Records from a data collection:
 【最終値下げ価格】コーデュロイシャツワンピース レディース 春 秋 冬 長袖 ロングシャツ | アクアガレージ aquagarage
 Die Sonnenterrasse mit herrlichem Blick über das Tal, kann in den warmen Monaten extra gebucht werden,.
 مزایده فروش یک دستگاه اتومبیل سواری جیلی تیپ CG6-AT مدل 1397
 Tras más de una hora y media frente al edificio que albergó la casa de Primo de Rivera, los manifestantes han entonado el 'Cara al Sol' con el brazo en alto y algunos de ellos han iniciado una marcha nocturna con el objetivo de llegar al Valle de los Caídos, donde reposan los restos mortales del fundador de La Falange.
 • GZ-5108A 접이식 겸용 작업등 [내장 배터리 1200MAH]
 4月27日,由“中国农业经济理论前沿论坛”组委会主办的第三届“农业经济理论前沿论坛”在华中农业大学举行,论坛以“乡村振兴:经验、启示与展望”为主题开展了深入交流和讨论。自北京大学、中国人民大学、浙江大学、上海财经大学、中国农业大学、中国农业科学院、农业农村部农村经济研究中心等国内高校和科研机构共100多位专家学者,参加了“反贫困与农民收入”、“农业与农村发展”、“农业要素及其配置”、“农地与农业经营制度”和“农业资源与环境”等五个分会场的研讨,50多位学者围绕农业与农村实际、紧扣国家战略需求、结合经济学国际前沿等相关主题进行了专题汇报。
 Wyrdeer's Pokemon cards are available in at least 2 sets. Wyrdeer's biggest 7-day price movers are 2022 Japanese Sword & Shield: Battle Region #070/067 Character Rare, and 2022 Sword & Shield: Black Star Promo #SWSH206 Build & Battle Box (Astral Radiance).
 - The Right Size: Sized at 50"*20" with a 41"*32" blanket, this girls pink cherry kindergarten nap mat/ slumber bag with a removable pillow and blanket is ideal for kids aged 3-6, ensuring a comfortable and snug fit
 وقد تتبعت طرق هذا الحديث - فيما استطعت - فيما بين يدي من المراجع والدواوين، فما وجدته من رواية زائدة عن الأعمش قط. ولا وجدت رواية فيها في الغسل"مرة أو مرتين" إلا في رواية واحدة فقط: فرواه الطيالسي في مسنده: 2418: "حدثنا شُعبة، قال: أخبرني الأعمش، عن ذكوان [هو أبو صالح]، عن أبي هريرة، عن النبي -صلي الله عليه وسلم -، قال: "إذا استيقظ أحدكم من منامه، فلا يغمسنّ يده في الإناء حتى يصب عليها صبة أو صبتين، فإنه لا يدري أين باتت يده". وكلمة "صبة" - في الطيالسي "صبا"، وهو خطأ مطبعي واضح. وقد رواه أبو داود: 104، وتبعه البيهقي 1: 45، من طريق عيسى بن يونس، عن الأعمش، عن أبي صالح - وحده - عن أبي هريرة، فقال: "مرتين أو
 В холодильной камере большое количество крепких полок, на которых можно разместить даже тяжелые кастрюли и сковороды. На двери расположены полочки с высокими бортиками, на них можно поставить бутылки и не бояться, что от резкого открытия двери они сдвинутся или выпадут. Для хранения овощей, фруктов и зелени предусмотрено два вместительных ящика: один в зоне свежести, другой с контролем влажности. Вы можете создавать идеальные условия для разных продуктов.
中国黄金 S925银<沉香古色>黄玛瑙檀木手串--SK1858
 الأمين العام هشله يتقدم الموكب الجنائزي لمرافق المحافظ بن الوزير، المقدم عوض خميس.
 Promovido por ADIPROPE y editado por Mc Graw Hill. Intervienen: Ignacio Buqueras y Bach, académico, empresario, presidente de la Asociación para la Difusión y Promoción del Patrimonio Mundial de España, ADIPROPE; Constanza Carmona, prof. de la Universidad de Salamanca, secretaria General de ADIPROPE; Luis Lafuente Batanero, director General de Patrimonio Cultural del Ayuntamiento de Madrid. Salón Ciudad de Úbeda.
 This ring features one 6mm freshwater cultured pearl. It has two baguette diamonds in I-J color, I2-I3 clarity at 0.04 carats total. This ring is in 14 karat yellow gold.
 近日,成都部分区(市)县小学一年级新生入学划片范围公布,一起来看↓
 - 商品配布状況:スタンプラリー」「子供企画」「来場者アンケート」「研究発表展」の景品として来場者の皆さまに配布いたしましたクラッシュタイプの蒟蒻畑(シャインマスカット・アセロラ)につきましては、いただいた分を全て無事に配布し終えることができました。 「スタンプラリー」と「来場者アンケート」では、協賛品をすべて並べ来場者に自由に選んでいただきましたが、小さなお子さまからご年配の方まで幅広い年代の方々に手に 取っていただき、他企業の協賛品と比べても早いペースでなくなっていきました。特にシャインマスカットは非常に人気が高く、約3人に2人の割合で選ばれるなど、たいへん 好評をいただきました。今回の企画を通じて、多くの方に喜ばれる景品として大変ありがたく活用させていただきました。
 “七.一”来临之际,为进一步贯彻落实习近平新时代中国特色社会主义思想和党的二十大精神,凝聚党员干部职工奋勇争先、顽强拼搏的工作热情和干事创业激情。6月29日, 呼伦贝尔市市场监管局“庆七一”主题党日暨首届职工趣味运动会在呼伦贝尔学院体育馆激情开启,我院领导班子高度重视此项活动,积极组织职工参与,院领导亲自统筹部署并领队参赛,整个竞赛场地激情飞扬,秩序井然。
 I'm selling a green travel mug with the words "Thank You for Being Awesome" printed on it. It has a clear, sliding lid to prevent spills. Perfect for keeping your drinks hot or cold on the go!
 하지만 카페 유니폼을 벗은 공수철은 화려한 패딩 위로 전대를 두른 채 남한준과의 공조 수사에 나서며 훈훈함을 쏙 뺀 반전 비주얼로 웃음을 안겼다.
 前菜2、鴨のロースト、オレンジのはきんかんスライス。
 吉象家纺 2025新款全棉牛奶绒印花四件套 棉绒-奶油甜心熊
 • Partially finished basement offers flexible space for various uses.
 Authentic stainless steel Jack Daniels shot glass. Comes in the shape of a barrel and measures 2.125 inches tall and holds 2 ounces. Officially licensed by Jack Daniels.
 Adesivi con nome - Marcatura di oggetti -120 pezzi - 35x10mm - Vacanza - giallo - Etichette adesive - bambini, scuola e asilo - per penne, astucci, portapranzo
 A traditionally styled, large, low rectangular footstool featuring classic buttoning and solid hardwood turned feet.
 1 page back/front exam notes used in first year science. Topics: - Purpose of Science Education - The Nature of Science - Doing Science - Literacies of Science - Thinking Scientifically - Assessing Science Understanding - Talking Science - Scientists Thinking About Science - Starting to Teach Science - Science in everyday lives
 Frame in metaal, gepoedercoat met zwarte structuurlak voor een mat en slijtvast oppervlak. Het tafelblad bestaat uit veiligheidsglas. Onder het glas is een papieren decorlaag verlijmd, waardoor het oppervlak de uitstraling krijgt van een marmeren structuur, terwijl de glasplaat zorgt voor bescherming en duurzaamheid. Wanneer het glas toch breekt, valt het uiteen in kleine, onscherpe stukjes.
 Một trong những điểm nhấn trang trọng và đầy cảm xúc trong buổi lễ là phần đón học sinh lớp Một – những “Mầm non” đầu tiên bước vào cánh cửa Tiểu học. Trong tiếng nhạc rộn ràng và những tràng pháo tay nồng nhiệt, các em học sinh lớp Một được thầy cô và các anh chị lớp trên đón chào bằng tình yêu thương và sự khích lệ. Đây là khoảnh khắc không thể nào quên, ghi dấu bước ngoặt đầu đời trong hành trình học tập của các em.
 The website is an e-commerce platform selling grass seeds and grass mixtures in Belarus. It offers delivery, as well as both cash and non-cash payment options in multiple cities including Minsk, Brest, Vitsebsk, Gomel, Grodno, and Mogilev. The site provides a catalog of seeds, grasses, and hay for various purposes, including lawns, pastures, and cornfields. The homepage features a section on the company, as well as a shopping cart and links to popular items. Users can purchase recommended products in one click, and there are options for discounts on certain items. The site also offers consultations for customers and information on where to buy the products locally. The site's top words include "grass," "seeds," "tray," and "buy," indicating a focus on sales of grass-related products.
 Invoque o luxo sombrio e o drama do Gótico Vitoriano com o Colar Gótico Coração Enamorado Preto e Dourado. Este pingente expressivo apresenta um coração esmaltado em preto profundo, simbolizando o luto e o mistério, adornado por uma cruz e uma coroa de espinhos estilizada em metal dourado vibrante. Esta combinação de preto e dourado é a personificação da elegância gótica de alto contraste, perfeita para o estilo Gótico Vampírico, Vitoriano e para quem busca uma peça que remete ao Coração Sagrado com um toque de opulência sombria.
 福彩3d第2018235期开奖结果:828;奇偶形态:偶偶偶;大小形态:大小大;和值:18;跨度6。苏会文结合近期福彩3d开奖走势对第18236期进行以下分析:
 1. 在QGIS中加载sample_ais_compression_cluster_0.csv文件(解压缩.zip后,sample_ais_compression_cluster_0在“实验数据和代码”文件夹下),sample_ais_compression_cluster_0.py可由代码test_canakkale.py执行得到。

### Task details
The required output is each line of the entries that contains the word "with".

### Exercise output
 - The Right Size: Sized at 50"*20" with a 41"*32" blanket, this girls pink cherry kindergarten nap mat/ slumber bag with a removable pillow and blanket is ideal for kids aged 3-6, ensuring a comfortable and snug fit
 I'm selling a green travel mug with the words "Thank You for Being Awesome" printed on it. It has a clear, sliding lid to prevent spills. Perfect for keeping your drinks hot or cold on the go!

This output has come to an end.